Background & Motivation¶
Background: The mainstream approach for Open-Vocabulary Detection (OVD) leverages vision-language pre-training (e.g., CLIP) to align region features with text embeddings, enabling the recognition of arbitrary categories beyond the training vocabulary. Models like GLIP, GroundingDINO, OWL-ViT, YOLO-World, MM-GDINO, and LLMDet have demonstrated strong zero-shot generalization on COCO and LVIS.
Limitations of Prior Work: These methods and their evaluations remain at the "coarse-grained category" level—as long as the box matches the category, it is considered correct, regardless of whether the model truly understands fine-grained attributes in the description. Consequently, a detector that finds "a dog" might fail to distinguish "a dog with gray and white fur and blue eyes"; one that finds "a knife" might miss "a grey metal knife with a black plastic handle." Benchmarks like FG-OVD use "hard negative" descriptions differing by only one or two attributes to challenge detectors, where mainstream models exhibit significant performance drops.
Key Challenge: The root cause is that existing methods compress the entire description into a single final text vector. Even models like NoctOWL and HA-FGOVD, which have begun to emphasize attributes, eventually fuse attribute information linearly into a global vector. Once collapsed into a single vector, strong category semantics dominate attribute clues, allowing "partially matched" objects (violating one or two key attributes) to still receive high scores.
Goal: The authors decompose the problem into two sub-problems: (i) how text should be represented for visual matching, and (ii) how to obtain fine-grained attribute supervision at low cost on large-scale detection data.
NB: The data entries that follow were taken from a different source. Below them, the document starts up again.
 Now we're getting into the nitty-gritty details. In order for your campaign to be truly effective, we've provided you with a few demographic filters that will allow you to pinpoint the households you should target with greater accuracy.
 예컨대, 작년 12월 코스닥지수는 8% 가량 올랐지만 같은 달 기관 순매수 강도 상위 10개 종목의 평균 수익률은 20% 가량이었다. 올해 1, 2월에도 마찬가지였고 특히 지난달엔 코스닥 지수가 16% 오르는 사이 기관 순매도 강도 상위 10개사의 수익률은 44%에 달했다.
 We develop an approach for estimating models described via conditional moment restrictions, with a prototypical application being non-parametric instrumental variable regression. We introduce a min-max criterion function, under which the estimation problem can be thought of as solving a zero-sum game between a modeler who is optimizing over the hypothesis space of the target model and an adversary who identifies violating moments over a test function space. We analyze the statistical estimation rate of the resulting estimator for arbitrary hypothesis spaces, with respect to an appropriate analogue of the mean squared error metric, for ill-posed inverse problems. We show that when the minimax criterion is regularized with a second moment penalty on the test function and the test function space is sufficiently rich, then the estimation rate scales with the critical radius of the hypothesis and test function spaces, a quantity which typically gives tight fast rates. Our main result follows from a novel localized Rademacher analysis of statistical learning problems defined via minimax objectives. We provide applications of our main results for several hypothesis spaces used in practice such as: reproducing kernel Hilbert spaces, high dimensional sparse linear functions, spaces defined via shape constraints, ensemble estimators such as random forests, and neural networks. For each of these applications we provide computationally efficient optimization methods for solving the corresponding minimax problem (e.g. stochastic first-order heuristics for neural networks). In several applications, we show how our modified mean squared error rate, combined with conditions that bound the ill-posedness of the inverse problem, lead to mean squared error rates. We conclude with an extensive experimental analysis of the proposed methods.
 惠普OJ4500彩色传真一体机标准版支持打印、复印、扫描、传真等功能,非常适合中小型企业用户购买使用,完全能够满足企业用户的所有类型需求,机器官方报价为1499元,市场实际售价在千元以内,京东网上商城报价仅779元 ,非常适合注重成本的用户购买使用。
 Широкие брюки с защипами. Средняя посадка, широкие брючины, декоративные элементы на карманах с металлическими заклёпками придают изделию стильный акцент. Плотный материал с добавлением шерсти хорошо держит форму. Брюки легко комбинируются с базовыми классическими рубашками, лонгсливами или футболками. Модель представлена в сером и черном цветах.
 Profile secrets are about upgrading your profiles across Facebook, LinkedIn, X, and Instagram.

Key Insight: A correct detection must simultaneously satisfy all semantic clues mentioned in the description. Therefore, the matching score should be a "logical AND" of these clues, rather than a weighted sum where weak attributes are masked by strong category signals. The prerequisite for an "AND" operation is explicitly decomposing the description into multiple facets for individual verification.
Core Idea: Use a small set of learnable retrieval queries to "retrieve" multiple complementary semantic facets from token-level text features, then use a differentiable soft-min to aggregate facet similarities. This ensures that any mismatched attribute significantly lowers the total score. Simultaneously, an LLM+CLIP pipeline automatically generates attribute supervision to feed this mechanism.
Method¶
Overall Architecture¶
SRA-Det consists of two complementary components: the model side replaces single-vector text representation with "multi-semantic facets + soft-min matching" to solve "how to represent and verify text"; the data side uses an automated pipeline to add dense visual attribute labels to large-scale detection data, solving "where fine-grained supervision comes from."
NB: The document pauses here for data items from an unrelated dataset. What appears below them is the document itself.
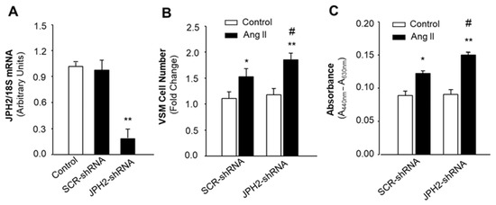 Effect of JPH2 knockdown on Ang II-induced VSMC proliferation. VSMCs were cultured from mesenteric arteries of WKY rats. The cells were treated with saline, AAV2-JPH2-shRNA, or its scramble control (AAV2-SCR-shRNA). (A) Bar graphs summarizing JPH2 mRNA levels in VSMCs treated with the control (PBS), AAV2-SCR-shRNA, or AAV2-JPH2-shRNA. Data are mean ± SE, derived from three experiments and triplicate wells in each experiment. ** p < 0.01 as compared with PBS control. (B) Bar graphs summarizing the change in cell number of VSMCs treated with PBS or Ang II after incubation with AAV2-JPH2-shRNA or AAV2-SCR-shRNA. Data are mean ± SE, derived from three experiments and at least triplicate wells in each experiment. * p < 0.05 as compared with relative control. ** p < 0.01 as compared with relative control. # p < 0.05 as compared with Ang II plus AAV2-SCR-shRNA. (C) Bar graphs summarizing the proliferation of VSMCs treated with PBS or Ang II after incubation with AAV2-JPH2-shRNA or AAV2-SCR-shRNA. Data are mean ± SE, derived from three experiments and at least triplicate wells in each experiment. * p < 0.05 as compared with relative control. ** p < 0.01 as compared with relative control. # p < 0.05 as compared with Ang II plus AAV2-SCR-shRNA.
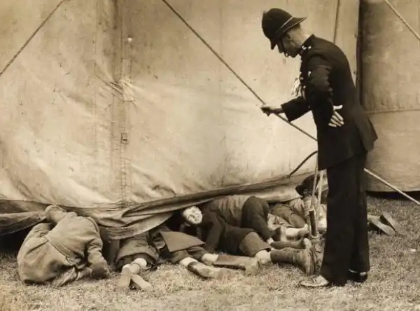 Англия, 1938. Полисмен поймал группу детишек, которые забравшись под брезентовый полог на халяву смотрят цирковое представление.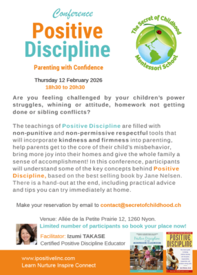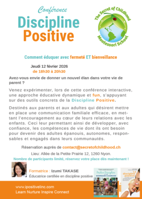 ACTUALITE,Évènement école Conférence Discipline Positive animée par Izumi Takase à l’école Montessori « The Secret of Childhood » Posté le 30/01/202630/01/2026 par Mark Reynolds Mark Reynolds Cuisinier – Chef / Sous-chef en restauration scolaire (spécialité cuisine végétale)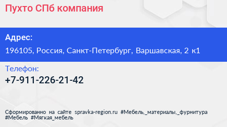 Пухто СПб, компания по адресу 196105, Россия, Санкт-Петербург, Варшавская, 2 к1 в дальнейшем Организация, размещена в следующих категориях:

The model itself is a DETR-style dual-stream structure: an image encoder and object decoder produce \(N\) object queries \(v_i\), while a text encoder encodes category names or free-form descriptions into token embeddings. The key modification occurs in the text branch: the Semantic Retrieval Augmentation (SRA) module uses \(K\) queries to extract \(K\) semantic facets \(\hat h_k\) from token embeddings. During inference, the Multi-Semantic Matching module calculates the similarity between each object query and these \(K\) facets, aggregating them into a final score \(s_i\) via soft-min. The training data is enriched by the Attribute-Augmented Data Pipeline before being fed into the detector.
%%{init: {'flowchart': {'rankSpacing': 24, 'nodeSpacing': 28, 'padding': 6, 'wrappingWidth': 400}}}%%
flowchart TD
A["Detection Datasets<br/>(O365 / V3Det / VAW / GoldG)"] --> P["Attribute-Augmented Data Pipeline<br/>LLM Attribute Gen + CLIP Dual-Verification"]
P --> T["Train SRA-Det"]
D["Category Names / Free Descriptions"] --> TE["Text Encoder<br/>Token Embeddings H"]
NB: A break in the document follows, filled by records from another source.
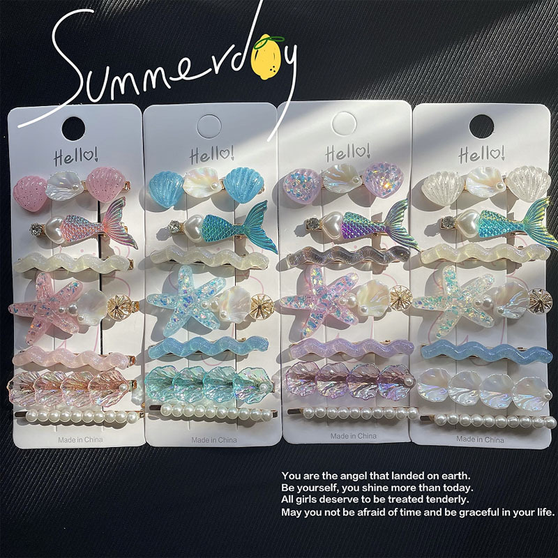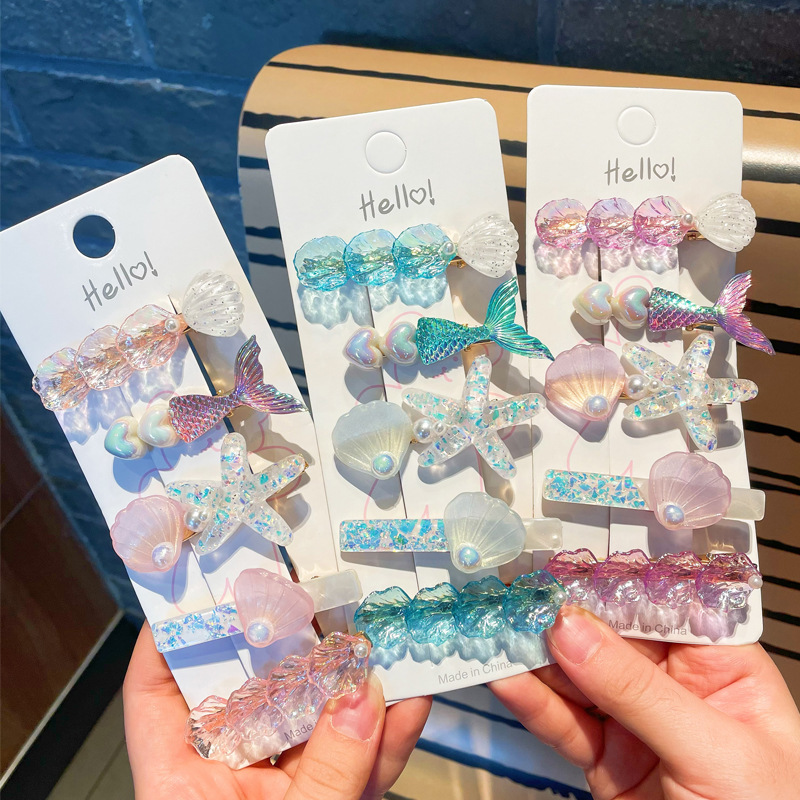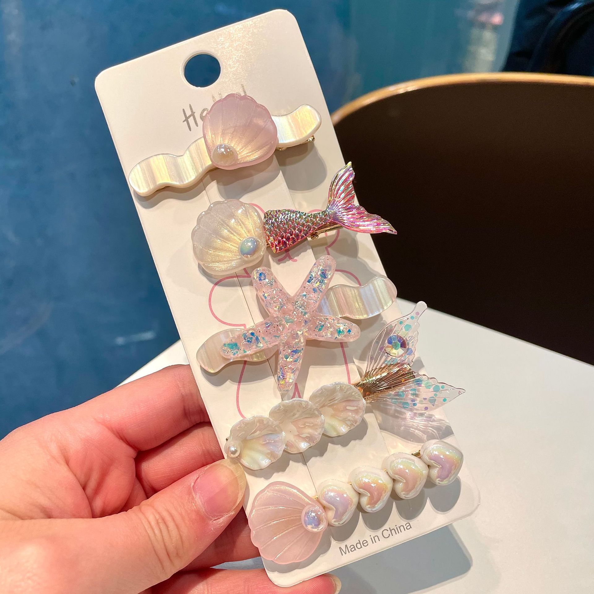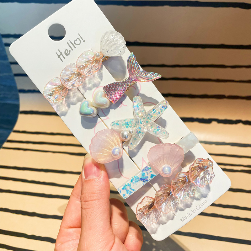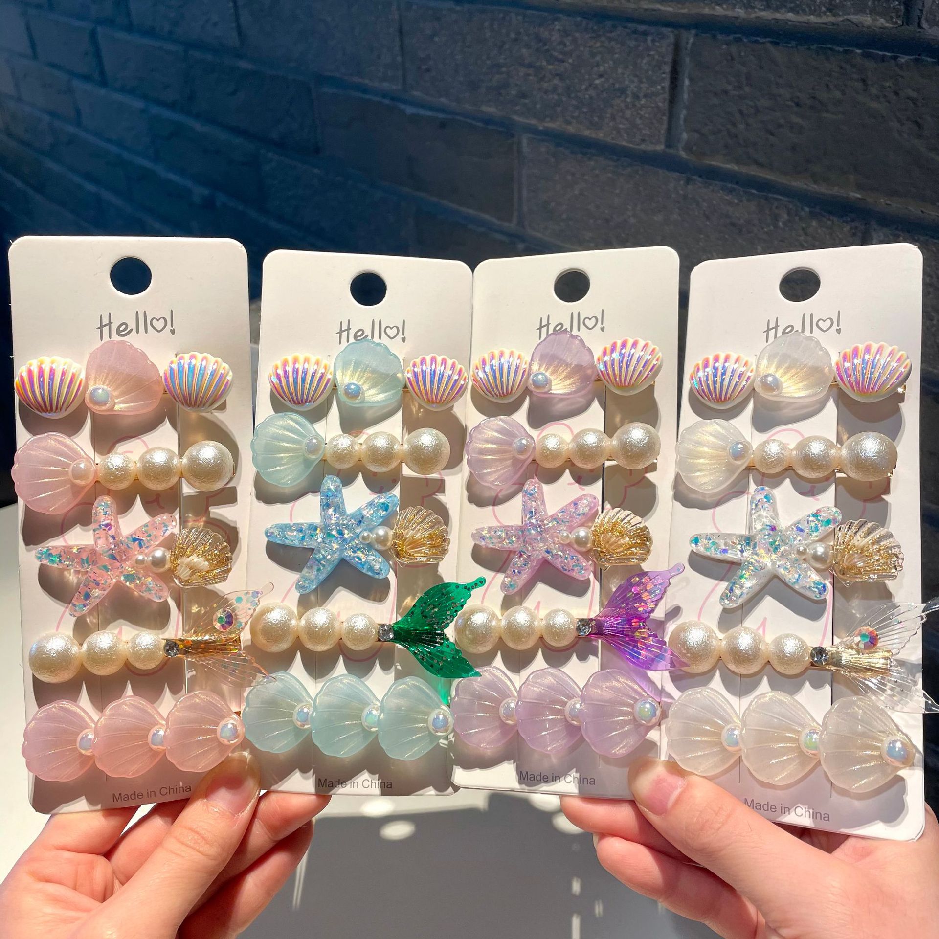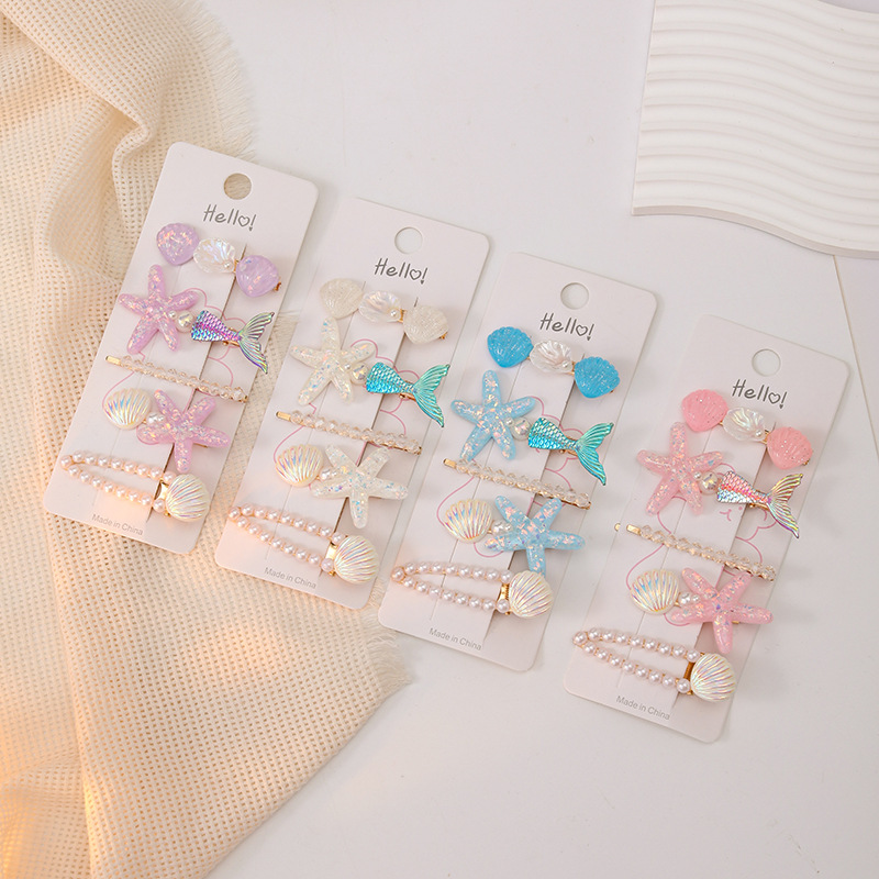 • 라이트 퍼플 불가사리 인어 머리핀 5 피스 세트 (카드 포함)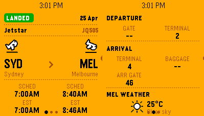 Flights app is rather useful when travelling. Input your flight number and get all the details. Here's a Jetstar flight from Sydney to Melbourne. Gives you the weather at destination. Pretty handy to have all on your wrist.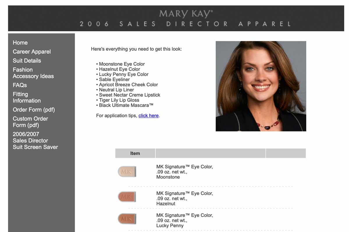 Execute a multi-page animated website to showcase the yearly release of the Representative Sales fashion line. This was a sales channel internal to the down-line field salesforce, as Mary Kay representatives. 2 versions of this site were created, one in English, the other in Spanish.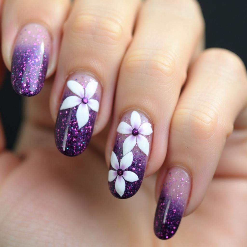 10. Purple Glitter and Floral Nail Art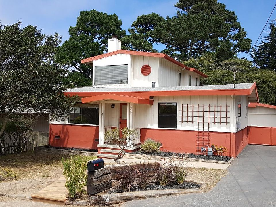 Spacious, 1900 sq ft family-style home in desirable, easy access neighborhood within walking distance to shopping and restaurants. First floor features hardwood floors through living room and separate dining room. Two downstairs bedrooms with large closets. Eat-in kitchen with lots of counter and pantry space. Upstairs Master bedroom with double walk-in closets and outside balcony deck overlooking rear yard. Master bath with hot tub and large vanity. Upstairs ocean view den with many windows and cozy fireplace. Detached 4th bedroom could be used as private office or studio. Entertainer's rear deck with heater and gas hook up for grill. Two car garage with ample storage space. This fenced backyard with gorgeous oak trees and peaceful setting is a must-see!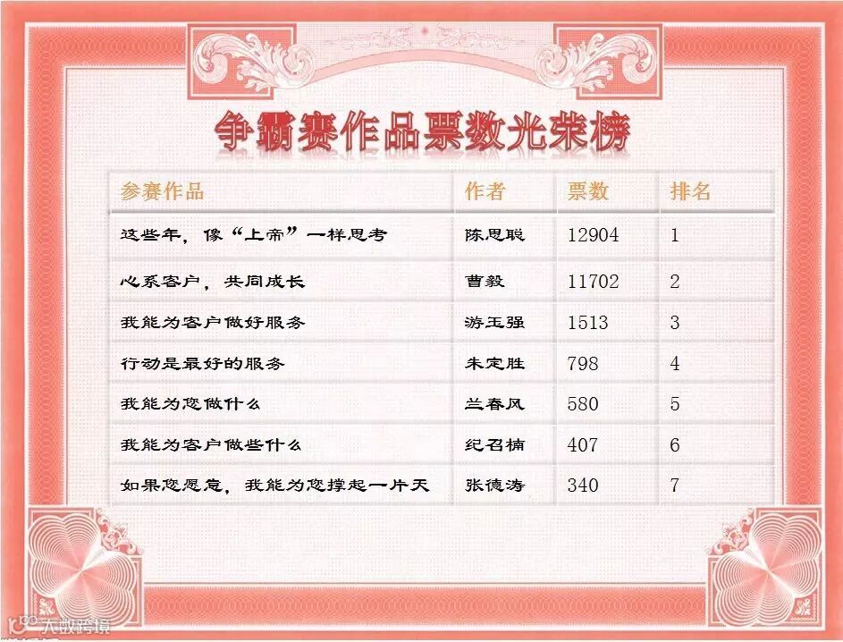 5月29日22:00,争霸赛投票活动结束。此轮评选,作品排名完全由读者投票决定。经过统计,7篇作品共获得28244票,第一名和第二名的争夺尤为激烈!

TE --> SRA["Semantic Retrieval Augmentation (SRA)<br/>K queries extract K facets Ĥ"]
IMG["Image"] --> OD["Object Decoder<br/>Object Queries vᵢ"]
SRA --> MSM["Multi-Semantic Matching<br/>Soft-min aggregation of K similarities"]
OD --> MSM
MSM --> O["Final Score sᵢ"]
T -.-> SRA
T -.-> OD
Key Designs¶
1. Semantic Retrieval Augmentation (SRA): Decomposing a description into complementary facets
This specifically addresses the issue of category semantics drowning out attributes in single-vector representations. The module takes \(K\) retrieval queries \(Q=\{q_1,\dots,q_K\}\) (set to \(K=3\) in the paper) and text token sequences \(H=\{h_1,\dots,h_L\}\) (from the last layer of the text encoder, excluding [SOS]/[EOS]). Each query uses attention to "read" these tokens and extract a semantic facet: \(r_k=\mathrm{Attention}(q_k,H,H)\). To ensure different queries attend to different parts, the authors equip each query with learnable positional embeddings \(p_k\) and inject the previous retrieval result as context for the next: \(q_k=\mathrm{LN}(r_{k-1}+p_k)\), where the initial query is the global average pool \(r_0=\mathrm{AvgPool}(H)\). This "query-by-query conditioning" ensures facets extract complementary information progressively.
The extracted \(r_k\) is fused with the global text embedding \(h_{\mathrm{eos}}\): \(h'_k=h_{\mathrm{eos}}+r_k\), \(h_k=h'_k+\mathrm{MLP}(\mathrm{LN}(h'_k))\), and finally projected and L2-normalized to obtain the multi-semantic representation \(\hat H=\{\hat h_1,\dots,\hat h_K\}\). To ensure these \(K\) facets are both diverse and comprehensive, two regularizations are applied to the attention maps \(A=\{a_1,\dots,a_K\}\): a diversity loss \(\mathcal L_{\mathrm{div}}=\frac{1}{K(K-1)}\sum_{i\neq j}\langle a_i,a_j\rangle^2\) to minimize overlap between queries, and a coverage loss \(\mathcal L_{\mathrm{cov}}=\frac1L\sum_{j=1}^L\big(\frac1K\sum_{i=1}^K a_{i,j}-\frac1L\big)^2\) to encourage all valid tokens to be attended to.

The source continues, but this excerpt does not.